### Work to complete
In the entries below, begin at the line with "Credibility In Hindi: Understanding" and stop after the line with "近兩年,翰園碑林不斷豐富研學"; output those lines exactly and omit the pictures.

### Task input
+===+
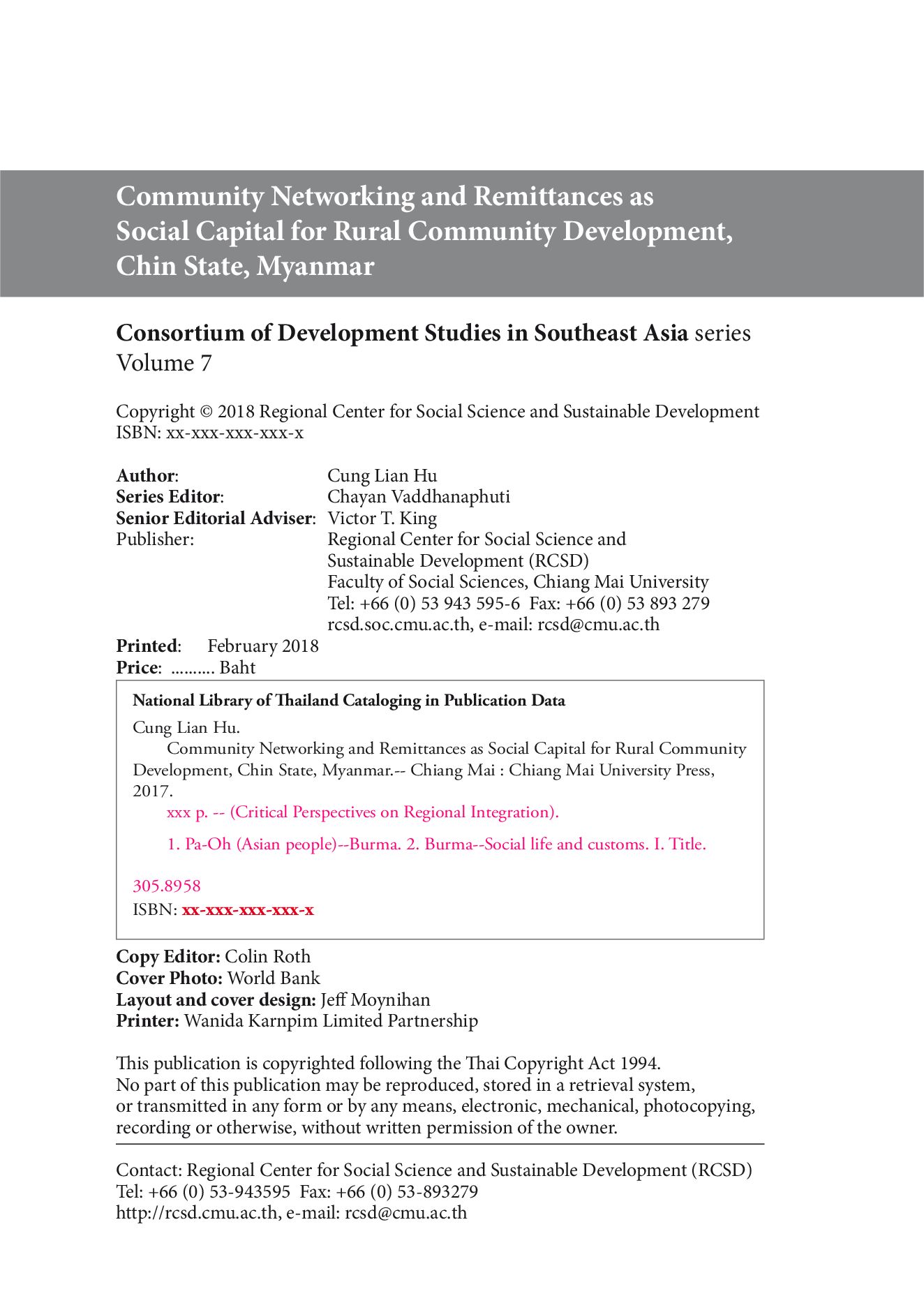 Sixty years of military rule and economic depression in Myanmar have led to large-scale emigration; Vanzang village in northeast Chin State is no exception. Migrants have resettled, many of them as refugees in Australia, Europe and USA. They send money back to the village, where their remittances have played a crucial role sustaining their families and also in funding education, health care, and improving village infrastructure. But there is a down side: a wealth gap has appeared between families who have migrant relatives and those who don’t. Village society has become more materialistic and many customs have changed. Some families have fallen apart when migrants discovered that their remittances had been mismanaged. The author, who is himself Chin and lived in the village as a child, investigates the roles of kinship, religious, and community networks in mobilizing funds for community development, and explores the impacts of remittances—both good and bad—on village society.
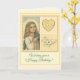 Belo cartão com a jovem Virgem Maria decorada com corações e Vazio de flores brancas no dentro para personalização.
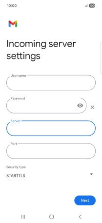 Press the field below "Server" and key in the name of your email provider's incoming server.
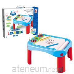 Obrotowa, suchościeralno-kredowo-magnetyczna kolorowa tablica. Wyposażona w gąbkę i kredę. Tablica zawiera marker.
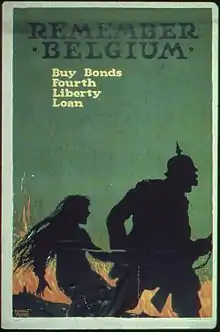 L’historien Kimberly Jensen interprète l’imagerie de la quatrième obligation de guerre de 1918, qui employait une affiche intitulée « Rappelez-vous la Belgique » représentant la silhouette d’une jeune Belge trainée par un soldat allemand sur fond de village incendié, comme : « Ils sont seuls dans la nuit, et le viol semble imminent. Cette affiche montre que les dirigeants ont puisé dans la connaissance et les préconceptions de l’opinion publique américaine sur l’usage du viol par les Allemands pendant l’invasion de la Belgique »[17].
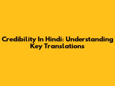 Credibility In Hindi: Understanding Key Translations
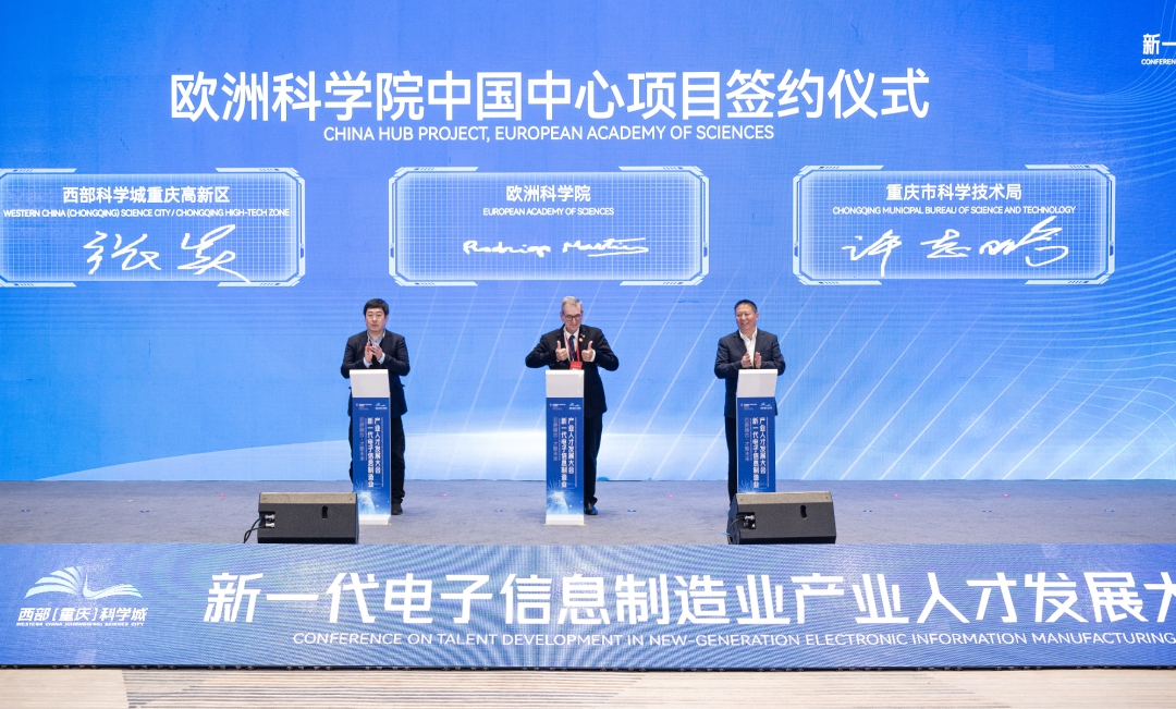 大會現場簽約成果豐碩,多項合作落地見效。歐洲科學院、重慶市科學技術局、西部科學城重慶高新區管委會就歐洲科學院中國中心項目正式簽約,標志著重慶在國際人才交流與技術合作領域邁出重要步伐。歐洲科學院作為具有世界影響力的科學院,擬在重慶市科學技術局的支持下,在西部科學城重慶高新區設立歐洲科學院中國中心。該中心將在促進中歐人才交流和技術轉化,加速中歐在生物傳感、智能終端、基礎材料等領域相互交融,助推相關產業鏈快速應用發展,實現中歐雙邊項目從研發到成果轉化的良性循環。
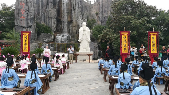 近兩年,翰園碑林不斷豐富研學(xué)課程,并著力培養(yǎng)課程研發(fā)團(tuán)隊,同時積極與外界合作,拓展市場。現(xiàn)已開展的研學(xué)課程主要有開筆禮、拓片體驗、華文菁英會、書法大講堂、金磚練字、書海拾貝、趣拼六藝、獨步宋詞、活字印刷、曲水流觴、碑刻體驗、國學(xué)禮儀等其中,古裝體驗類項目備受學(xué)生喜愛,參與的老師們更是對書法大講堂和書海拾貝贊不絕口。現(xiàn)景區(qū)專業(yè)課程研發(fā)團(tuán)隊8人,其中有專業(yè)的書法老師、國學(xué)研究人員等,并與多家研學(xué)機構(gòu)或旅行社合作。
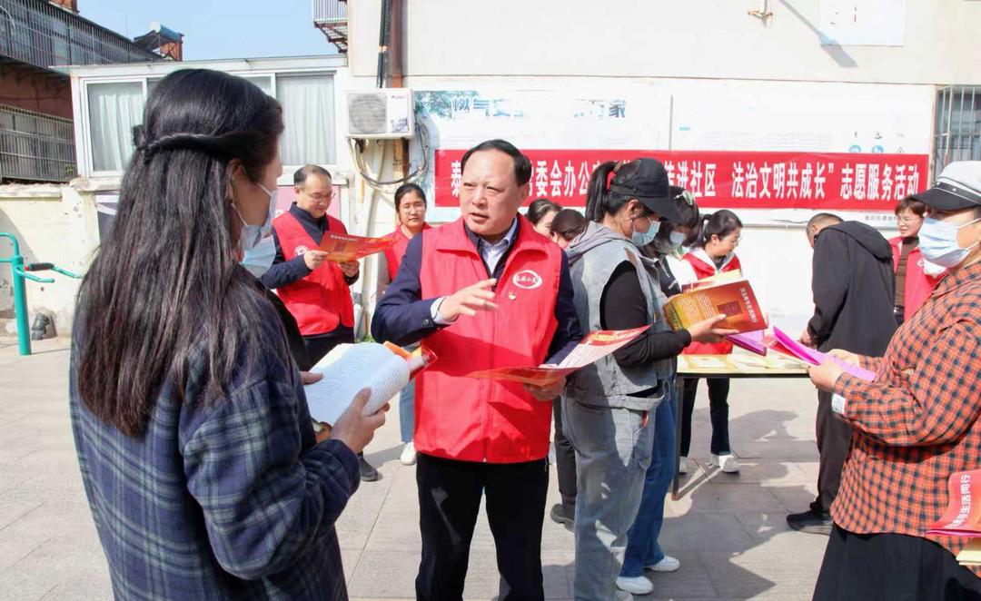 普法的核心生命力,在于走进群众,深入人心。泰安市人大常委会机关党员干部深入基层、贴近群众,在泰山区金山社区,干部与居民围坐一处、促膝交谈,聚焦房屋漏水、遗嘱订立等群众关心的事,结合真实案例现场“以案说法”,让法律条文真正成为守护群众生活的实用指引。在校园里,机关工作人员化身“宪法讲师”,开展“宪法进校园 法治伴成长”特色课堂,将抽象法条转化为生动故事,把法律知识融入校园生活,通过宪法晨读、模拟宣誓、互动竞答等形式,让青少年在寓教于乐中感悟法治力量,系好人生“法治第一粒扣子”。
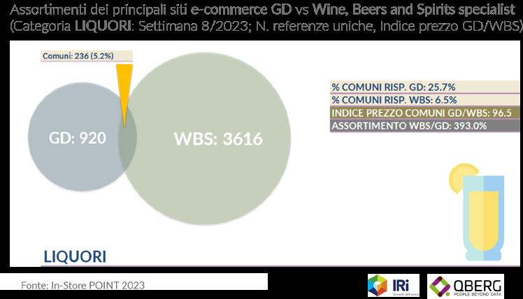 QBerg , istituto di ricerca italiano leader nei servizi di price intelligence e di analisi delle strategie assortimentali cross canale (flyer, punti vendita fisici, e-commerce e newsletter), ha analizzato l’andamento dell’offerta di vino, champagne e spumante, liquori e birre nel canale e-commerce, i cosiddetti wine specialist.
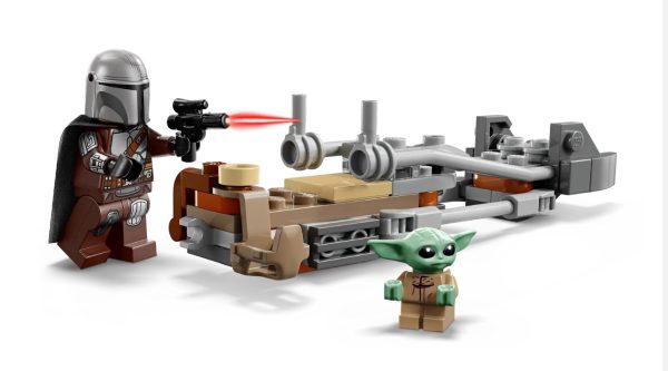 - SPEEDER BIKE – Attach The Mandalorian’sblaster rifle to the back of the speeder bike, and place him in the driver’s seat with Grogu alongside in the attached satchel
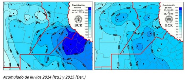 - El 2015 dejó unos 300 mm extras por sobre los valores promedios. La región recibió una media de 1.200 a 1.300 mm anuales.
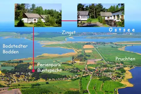 Willkommen im Ferienpark Buntspecht zwischen Tannen und Kiefern im Urlaubsort Pruchten am Bodstedter Bodden und doch nur wenige Kilometer vom weißen Ostseestrand entfernt In einem ehemaligen Kinderferienlager finden Familien und Kindergruppen preiswert Erholung bei einfacher Austtattung der Sommerhäuser.
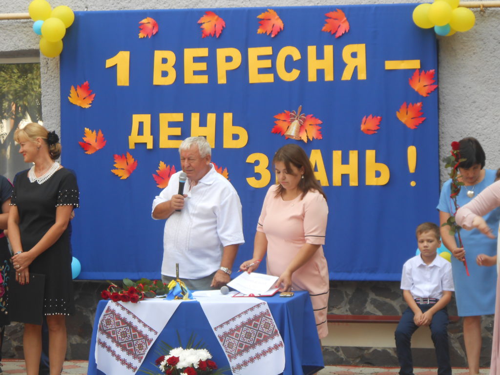 1 вересня - День Знань. Усі шляхи цього дня ведуть до школи. Розпочинається новий навчальний рік, який завжди означає відкриття нової, осяйної і .зазвичай, нелегкої дороги - дороги до знань, до нових звершень. Не менш важливим він буде для учнів 12 класу, яким доведеться обирати професію, які будуть втілювати отримані знання в дорослому житті. Яким буде їх вибір - залежить тільки від них. Зі словами вітань до шкільної спільноти, батьків, педагогів звернувся директор школи Деленко Б.В.
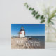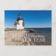 Faro en la playa con una corona de Navidad
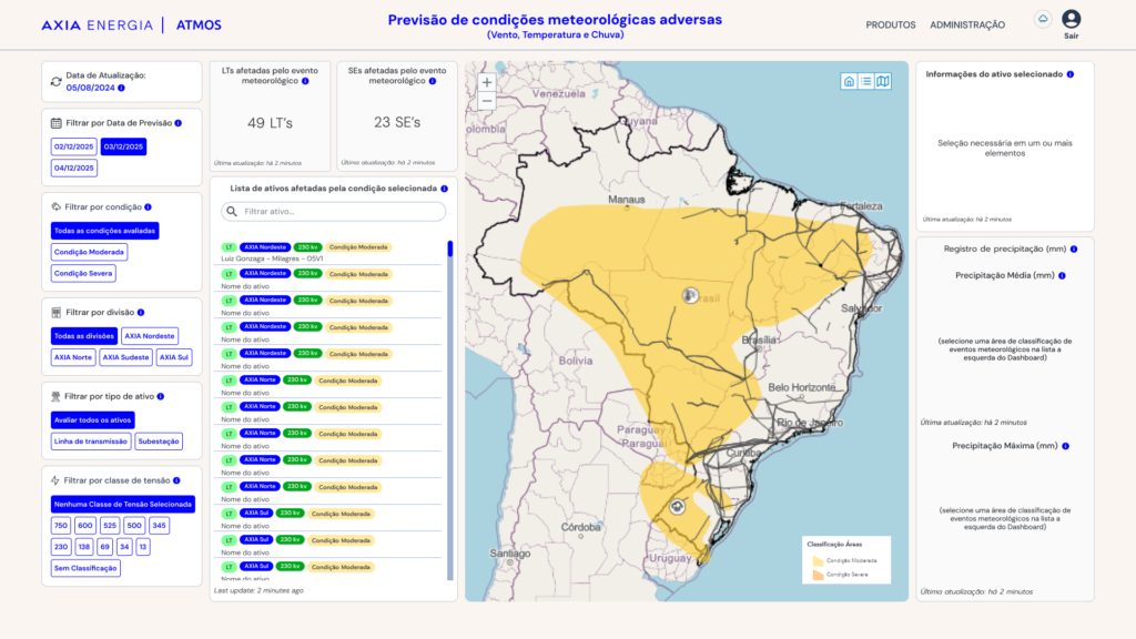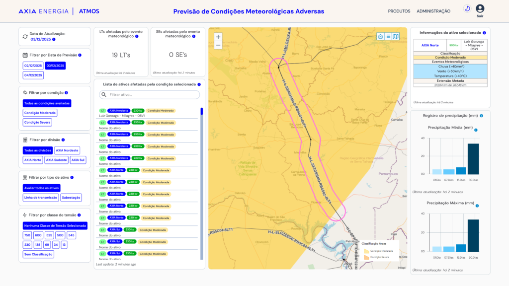 O Dashboard Atmos é um dos produtos que compõem o Portal Atmos, derivado do Projeto Atmos, uma iniciativa voltada à análise e monitoramento de eventos meteorológicos com impacto direto na operação e manutenção de ativos da AXIA Energia.
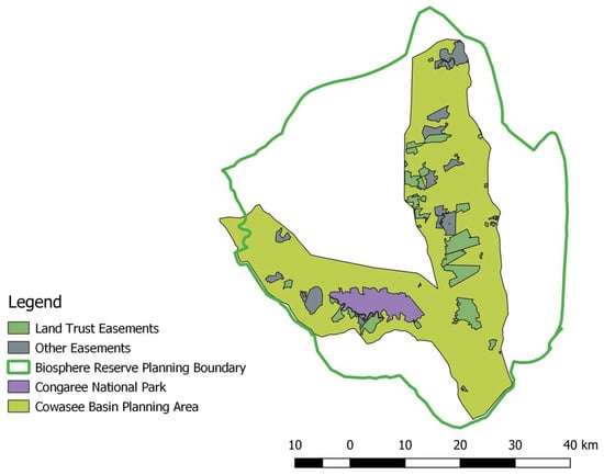 The region shown in Figure 4 has two overlapping planning areas: an International Biosphere Reserve and a landscape-level alliance or Task Force. Both planning areas share members, for example, from the National Park Service, Congaree Land Trust, and state agencies. The idea is to increase cooperation to achieve landscape-level conservation goals. The hope is that even though the protected areas are small, their collective impact may be increased by better management of un-conserved lands, while preserving local resource-based economies. Similarly, community conserved areas (CCAs) are a global phenomenon that provide biodiversity services while satisfying the needs of local and indigenous peoples. They are not very well understood in terms of their overall contributions to biodiversity conservation, but due to their extensive coverage (as much as 11% of global forests), are an example of how relatively small, local projects can accumulate effects []. These approaches can be facilitated by landscape-level cooperatives and alliances, especially if they respect human dimensions. For example, in governance of conservation networks, recognizing and trading leadership roles based on what is needed to accomplish particular goals is better than traditional, top-down management [].
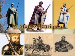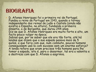 D. Afonso Henriques foi o primeiro rei de Portugal, declarando independência de Leão e Castela em 1143 e fundando a dinastia de Borgonha. Era conhecido por sua força e bravura na batalha, com lendas de que sua espada pesava mais de 5 quilos. Após vitórias como a Batalha de S. Mamede e Ourique, o Papa confirmou Portugal como reino independente, deixando um território definido a seu filho D. Sancho I.
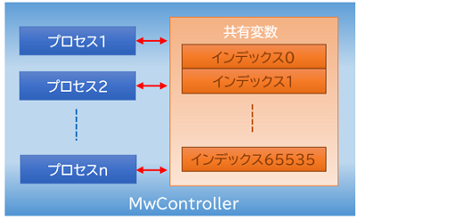 共有変数は、MwControllerで実行されている複数のプロセスの共有リソースで、short型、long(int)型、float型、double型を扱うことができます。また、インデックス番号が58000~58999の範囲の共有変数は、文字列(Null終端のchar型配列)を扱うことができます。文字列の最大文字数は、Null終端を含まず256バイトです。
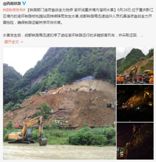 因重庆持续降雨发生水害 29日厦门至重庆北K336次列车停运
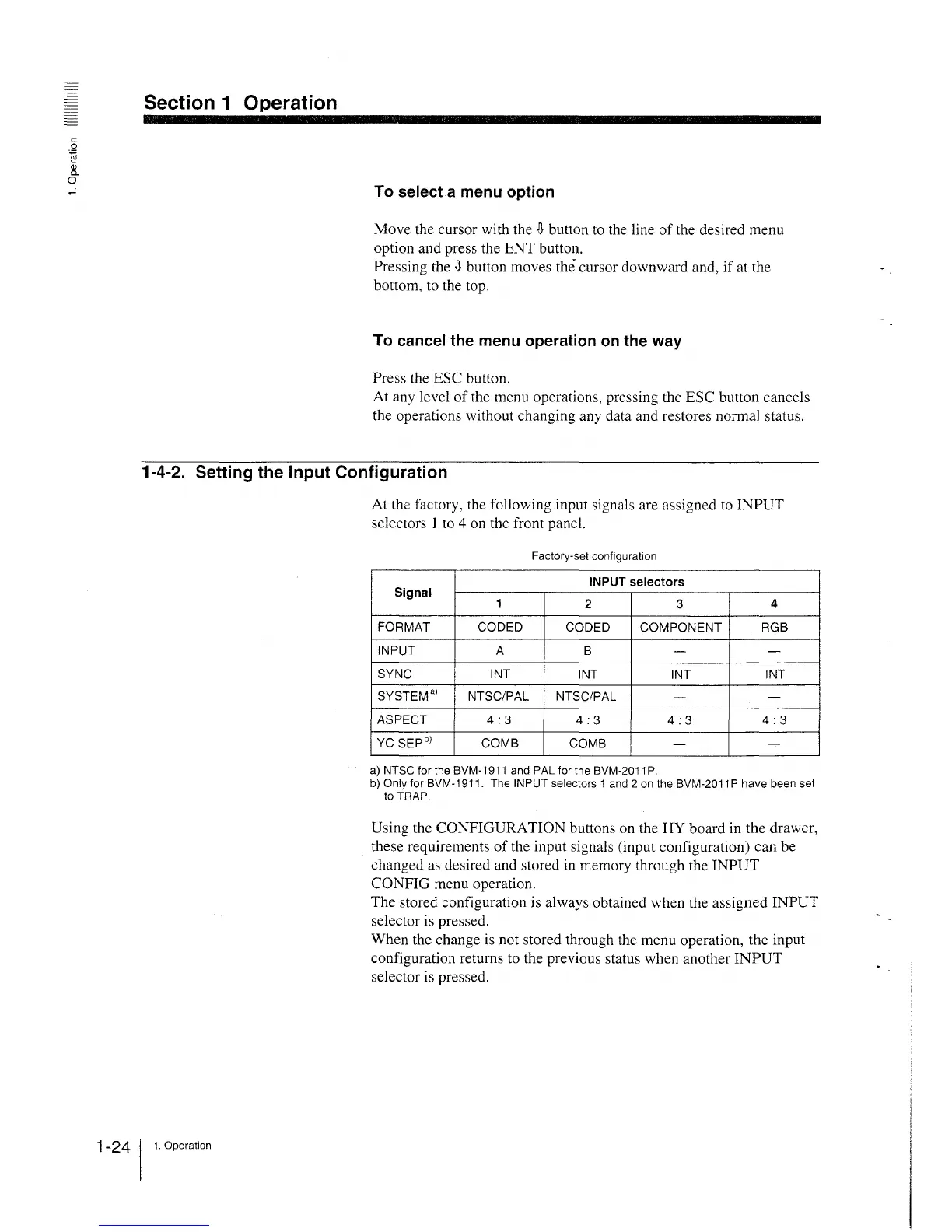 b) Only for BVM-1911. The INPUT selectors 1 and 2 on the BVM-2011 P have been set
+===+
### Completed exercise
 Credibility In Hindi: Understanding Key Translations
 大會現場簽約成果豐碩,多項合作落地見效。歐洲科學院、重慶市科學技術局、西部科學城重慶高新區管委會就歐洲科學院中國中心項目正式簽約,標志著重慶在國際人才交流與技術合作領域邁出重要步伐。歐洲科學院作為具有世界影響力的科學院,擬在重慶市科學技術局的支持下,在西部科學城重慶高新區設立歐洲科學院中國中心。該中心將在促進中歐人才交流和技術轉化,加速中歐在生物傳感、智能終端、基礎材料等領域相互交融,助推相關產業鏈快速應用發展,實現中歐雙邊項目從研發到成果轉化的良性循環。
 近兩年,翰園碑林不斷豐富研學(xué)課程,并著力培養(yǎng)課程研發(fā)團(tuán)隊,同時積極與外界合作,拓展市場。現(xiàn)已開展的研學(xué)課程主要有開筆禮、拓片體驗、華文菁英會、書法大講堂、金磚練字、書海拾貝、趣拼六藝、獨步宋詞、活字印刷、曲水流觴、碑刻體驗、國學(xué)禮儀等其中,古裝體驗類項目備受學(xué)生喜愛,參與的老師們更是對書法大講堂和書海拾貝贊不絕口。現(xiàn)景區(qū)專業(yè)課程研發(fā)團(tuán)隊8人,其中有專業(yè)的書法老師、國學(xué)研究人員等,并與多家研學(xué)機構(gòu)或旅行社合作。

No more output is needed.